Applied linguistics is, in other words, as much in need of a principled, systematic clarification of its foundations as linguistics is (Weideman 2009a), if only for the sake of discovering the excitement of participating in the present-day purpose of linguistic studies expressed in definition (6), that has in a sense been present all along, by virtue of the systematic progression that is evident in the convictions expressed in the statements (1) to (5) above.
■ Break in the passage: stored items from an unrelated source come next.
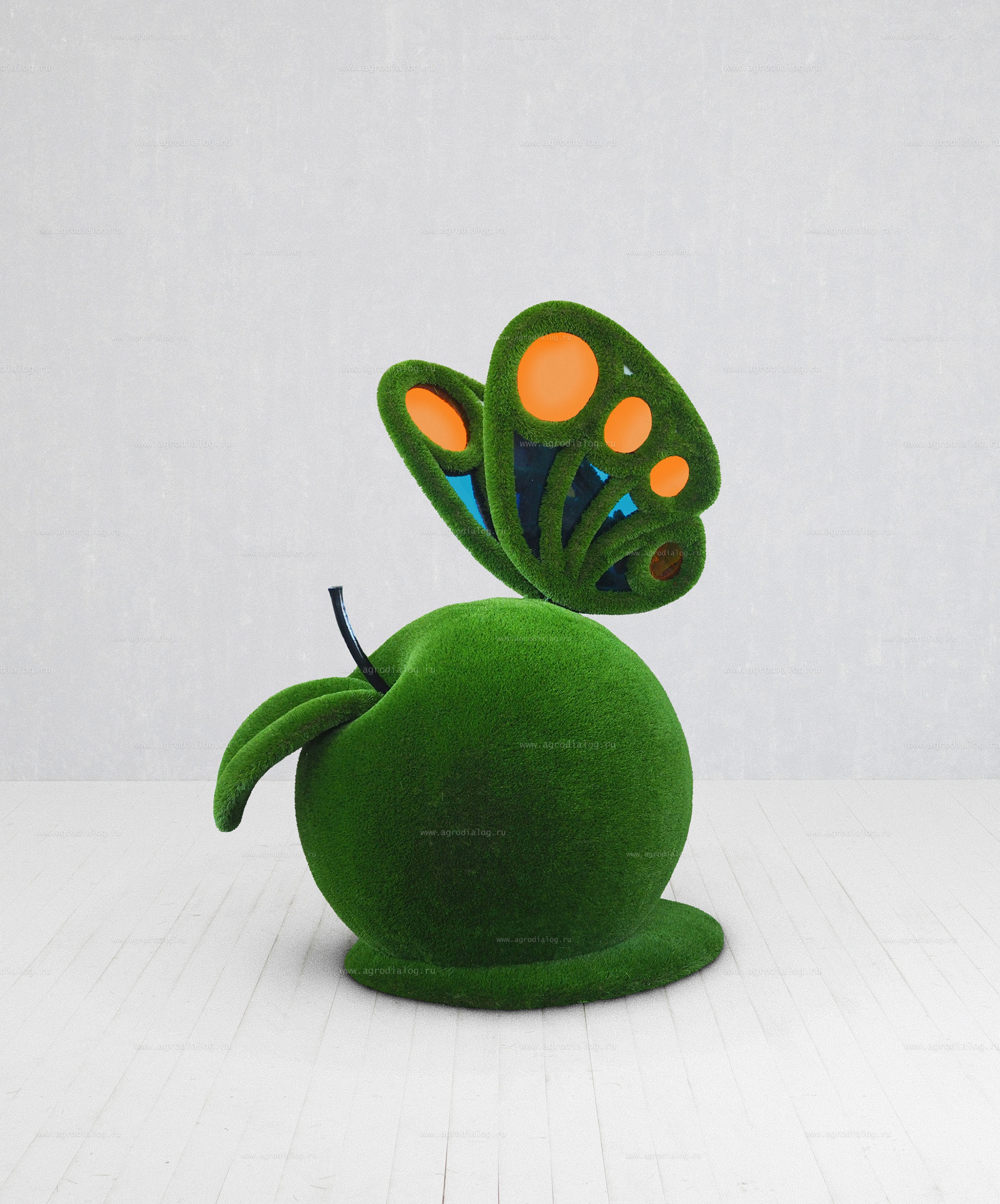 Для благоустройства вашего сада, базы отдыха или парка отлично подойдет садовая фигура «бабочка на яблоке», с исполнением из искусственной травы премиального класса и стеклопластика.
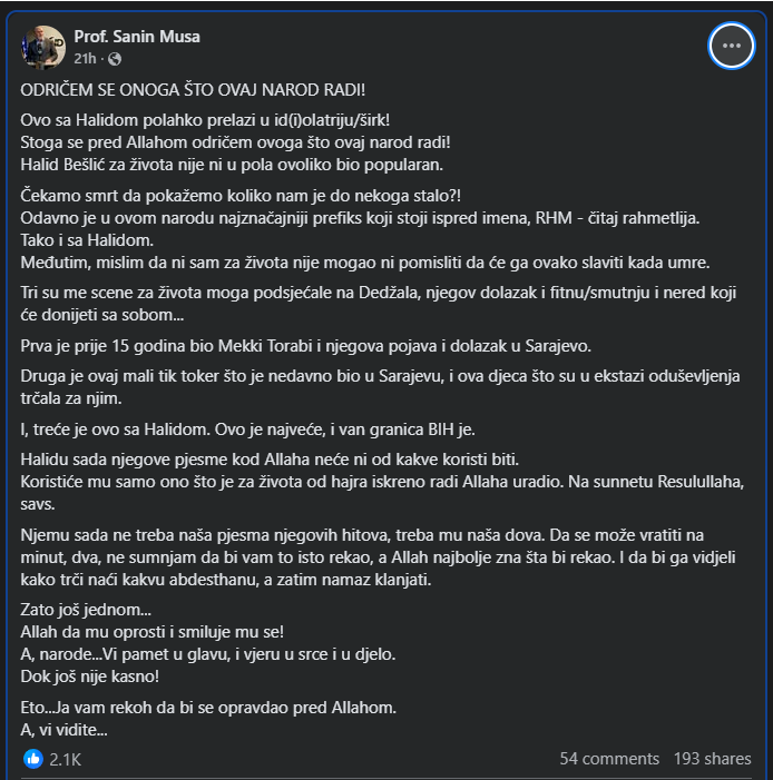 Osnivač pokreta „VJERA. NAROD. DRŽAVA.“ i predsjednik Bosanske narodne stranke, Sanin Musa, oglasio se na društvenim mrežama povodom brojnih reakcija građana nakon smrti legendarnog pjevača Halida Bešlića.
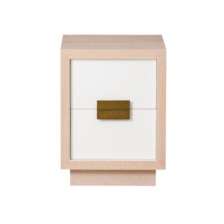 The Manila Bedside Table offers a refined touch to any room. Its natural white oak finish provides a warm, neutral base, while antique brass handles give it a sophisticated, timeless look. Perfect for creating an inviting atmosphere in both contemporary homes and luxury hotel rooms. Features: Oak Wood, Antique Brass.
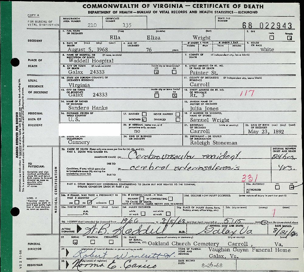 Died: August 5, 1968 in Galax, Grayson County, Virginia.
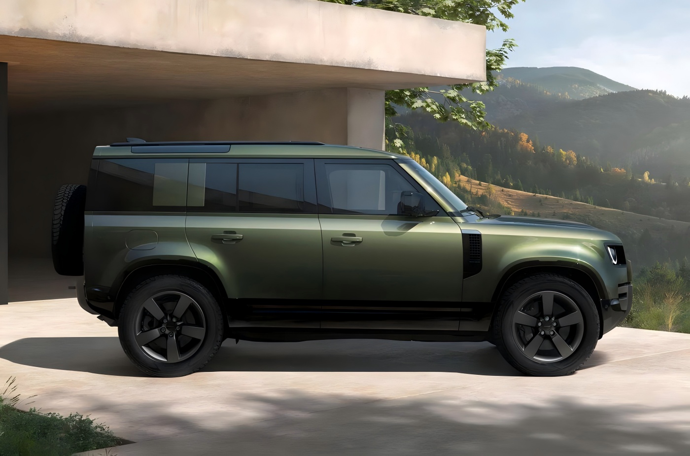 Πλευρά. Προβολή από την πλευρά, το νέο όχημα συνεχίζει το κλασικό στυλ του Land Rover Defender. Η έκδοση 110 υιοθετεί ένα σχεδιασμό τεσσάρων θυρών, με φαρδιά εμπρός και πίσω πλευρικά φτερά, μαζί με τροχούς πέντε ακτίνων και δαγκάνες φρένων πολλαπλών εμβέλειας. Οι διαστάσεις του σώματος παραμένουν αμετάβλητες, με μήκος, πλάτος και ύψος 5018/2105/1967 mm αντίστοιχα και με μεταξόνιο 3022 mm.
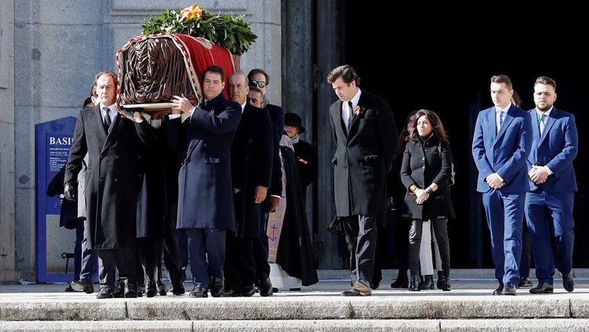 El féretro con los restos del dictador Francisco Franco salió este jueves de la Basílica del Valle de los Caídos en los hombros de sus familiares, quienes reivindicaron públicamente su figura al grito de "¡Viva Franco! ¡Viva España!", en una imagen que pasará a la historia.
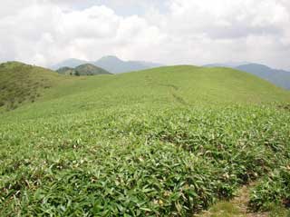 登山道を覆うササの朝露をかき分ける時 水滴でビッショリとなるが、日差しがでてきて 朝露は 急速に減っていく 。
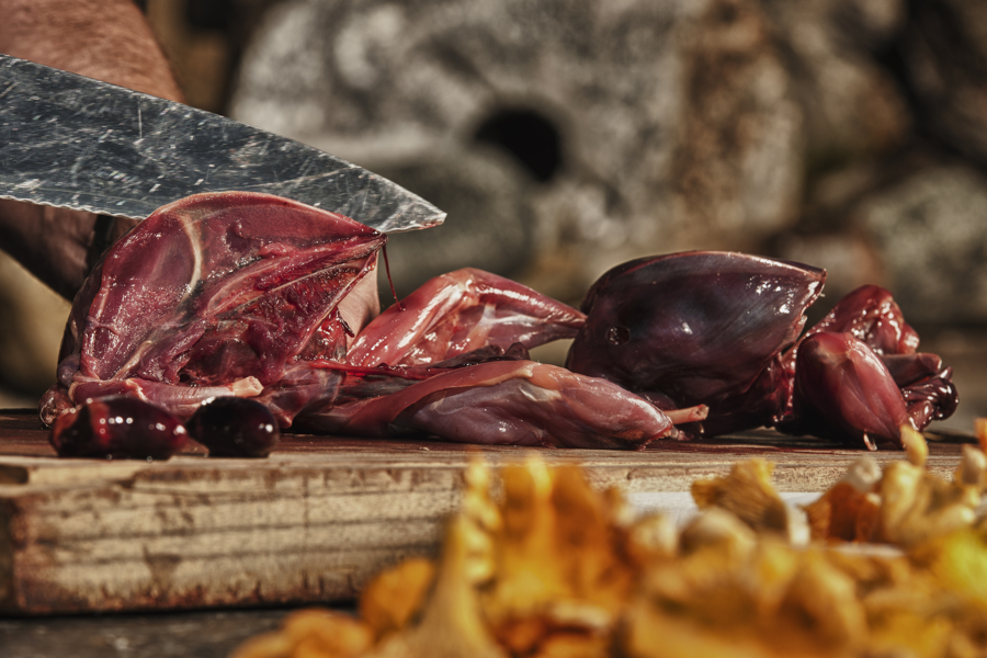 På tunet har han rigget til et maskulint utekjøkken, som sklir rett inn i den heftige naturen rundt oss. Et gedigent skiferhellebord fungerer som arbeidsbord, og ved siden av står en vedfyrt italiensk Nordica-ovn. I berget bak skiferbordet har en brønneborer laget en naturpeis i fjellet, og flammene sprer seg vilt og sultent oppover fjellet og skaper en trolsk stemning. I enden av uteplassen står en mektig statue laget av 2000 gevir fra rein. Den har han laget sammen med en kamerat, som en hyllest til det vakre dyret som vandrer i Jotunheimen. På skiferbordet ligger rypene klare, og fluene surrer ivrige rundt kadavrene og skaper en musikalsk forventning til noe stort. – Det er på denne måten eg lager rupe til meg selv, ofte er det enkle det beste, sier han smilende mens han klargjør redskapene.
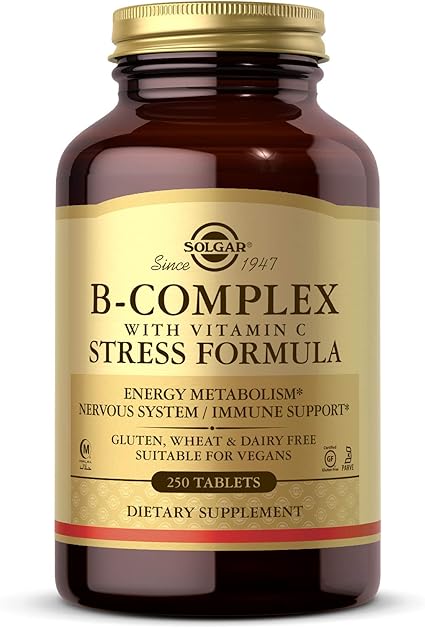 Amazon Com Solgar B Complex With Vitamin C Stress Formula 250 Tablets Energy Metabolism Nervous System Immune Support Non Gmo Vegan Gluten Free Dairy Free Kosher Halal 125 Servings Health

In what way then, one may ask, are these and similar theoretical convictions helpful to delimit the scope of applied linguistics in particular? Is applied linguistics part of linguistics, or is it not? If not, how can its scope be defined in such a way that it has a focus independent of that of linguistics? I wish to argue that the explicit adoption of a specific philosophical stance will provide us with a strong, reasoned basis for such a definition or definitions of scope: I am referring, particularly, to the Amsterdam school of philosophy founded by Herman Dooyeweerd (cf. Dooyeweerd 1955). It presents us with a philosophical methodology that is explicitly designed to be useful in solving problems related to the delimitation of the fields of investigation of the various ‘vakwetenschappen’ - scientific disciplines. The work done in this regard ranges over a wide area and many and diverse fields: mathematics, physics (cf. Stafleu 1980), chemistry, biology (cf. Diemer 1963 ; Duyvenne de Wit 1962; Strauss 2004), psychology (De Graaff 1967), logic, history; pedagogy (De Graaff 1968; De Graaff and Olthuis 1973) , linguistics (Verburg 1951; Zuidema 1951; Bakker 1984; Weideman 1983) , sociology (cf. Dengerink 1948; Van Dijk s.d.; Strauss 2005), economics, aesthetics (Seerveld 1968, 1974, 1980; Van den Berg 1984), jurisprudence (Van Eikema Hommes 1972) and ethics.